La Chambre commerciale de la Cour de cassation a rendu un arrêt de principe majeur sur ce point dans Cass. com., 1er octobre 2025, pourvoi n° 24-14.654. La Cour de cassation retient que la déclaration de créance effectuée pour un codébiteur ne dispense pas de déclarer au passif de l’autre débiteur. En conséquence, la déclaration de créance opérée dans la procédure collective d’un codébiteur solidaire ne vaut aucunement déclaration au passif d’un coobligé distinct. Cette exigence stricte impose aux créanciers une vigilance procédurale absolue lors du traitement de groupes de sociétés ou de codébiteurs liés financièrement entre eux.
Par ailleurs, le Tribunal judiciaire de Grenoble, 6ème chambre civile, 2 juillet 2026, n° 24/06590, rappelle l’autonomie des obligations souscrites solidairement. La Cour d’appel de Versailles, Chambre commerciale 3-1, 26 mars 2025, n° 23/00502, confirme la sanction de l’inexécution contractuelle entre professionnels coobligés. La Cour d’appel de Rouen, Chambre commerciale, 12 février 2026, n° 24/03896, réaffirme la rigueur des poursuites commerciales solidaires engagées par les créanciers.

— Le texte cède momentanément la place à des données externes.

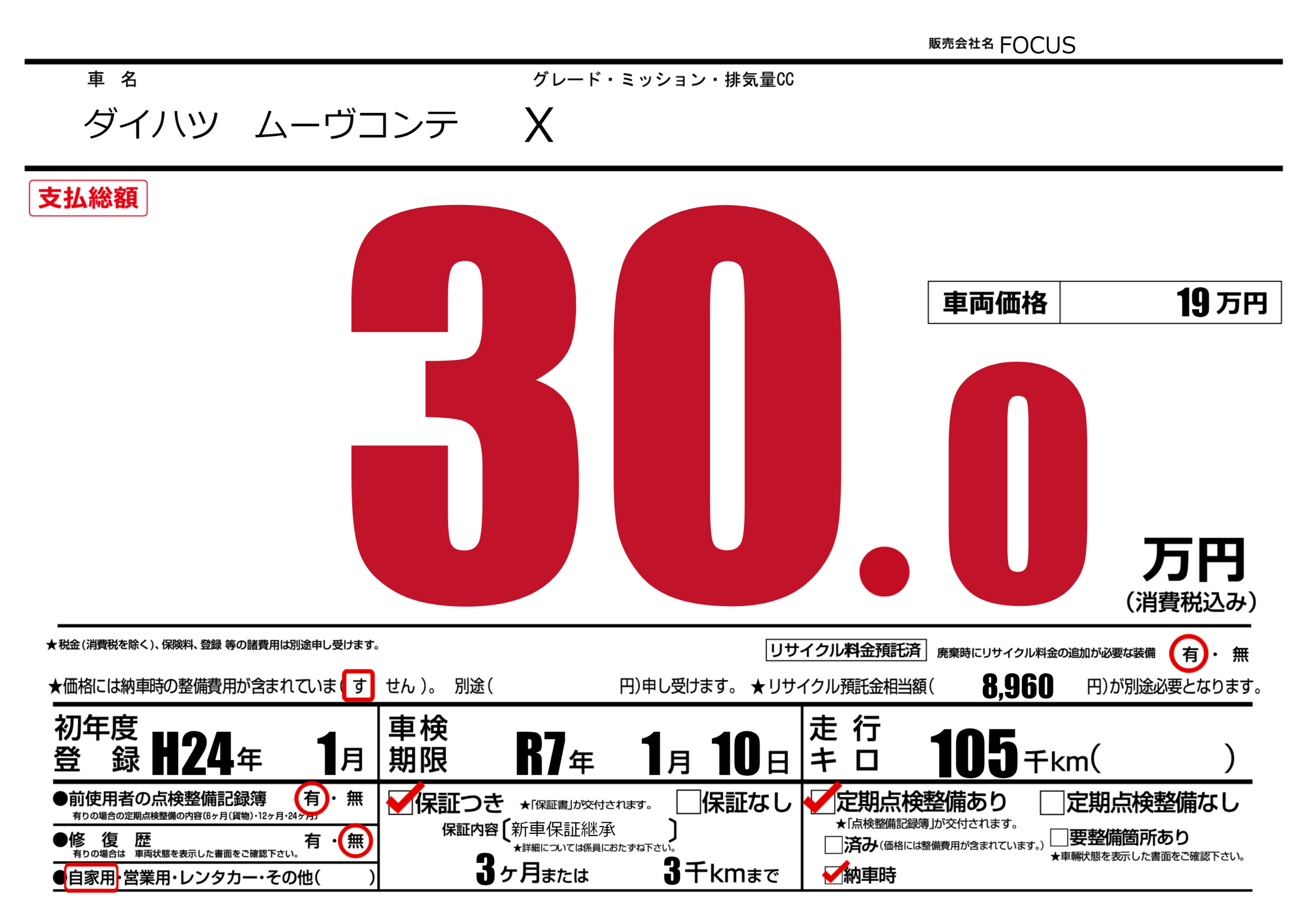 | 車名 | ダイハツ ムーヴコンテ | グレード ミッション 排気量 |

Enfin, la Cour d’appel d’Aix-en-Provence, Chambre 3-1, 21 mai 2026, n° 20/10788, sanctionne les manquements dans la reddition des comptes contributifs entre associés.
De surcroît, le codébiteur solvens qui a payé le créancier peut déclarer sa créance récursoire au passif du coobligé défaillant sous réserve de régularité. Cette déclaration doit intervenir dans les délais légaux prescrits à compter de la publication du jugement d’ouverture au bulletin officiel des annonces civiles et commerciales. Le débiteur solvens concourt alors avec les autres créanciers chirographaires pour recevoir d’éventuels dividendes dans le cadre des opérations de répartition liquidative. Dès lors, les entreprises et leurs conseils doivent auditer soigneusement les garanties croisées pour sécuriser leurs flux de trésorerie et prévenir les risques d’insolvabilité.
L’adoption d’un plan de sauvegarde ou de redressement judiciaire au bénéfice d’un codébiteur modifie également les modalités d’exigibilité de la dette garantie. Les délais et remises accordés par le tribunal dans le plan ne profitent en principe pas aux coobligés solidaires personnes morales garantes de la dette. En conséquence, les créanciers peuvent poursuivre immédiatement ces derniers pour le montant intégral sans attendre les échéances fixées dans le plan d’apurement judiciaire. À cet égard, l’analyse stratégique des engagements souscrits permet aux dirigeants d’anticiper les répercussions financières d’une défaillance au sein de leurs partenaires commerciaux.
Conclusion
En définitive, la solidarité passive demeure un instrument juridique irremplaçable au service du crédit commercial et de la sécurité des créanciers d’affaires. La présomption coutumière commerciale renverse le principe d’indépendance des dettes pour offrir une garantie robuste d’exécution intégrale des engagements économiques complexes. La distinction entre l’obligation à la dette et la contribution finale protège efficacement l’équilibre contractuel entre coobligés par le jeu des recours récursoires. Or, la rigueur procédurale impose aux créanciers comme aux débiteurs d’anticiper la qualification des exceptions opposables et le risque d’insolvabilité en procédure collective. Dès lors, la maîtrise des règles légales et jurisprudentielles assure une gestion optimale du contentieux et consolide la pérennité financière des entreprises partenaires.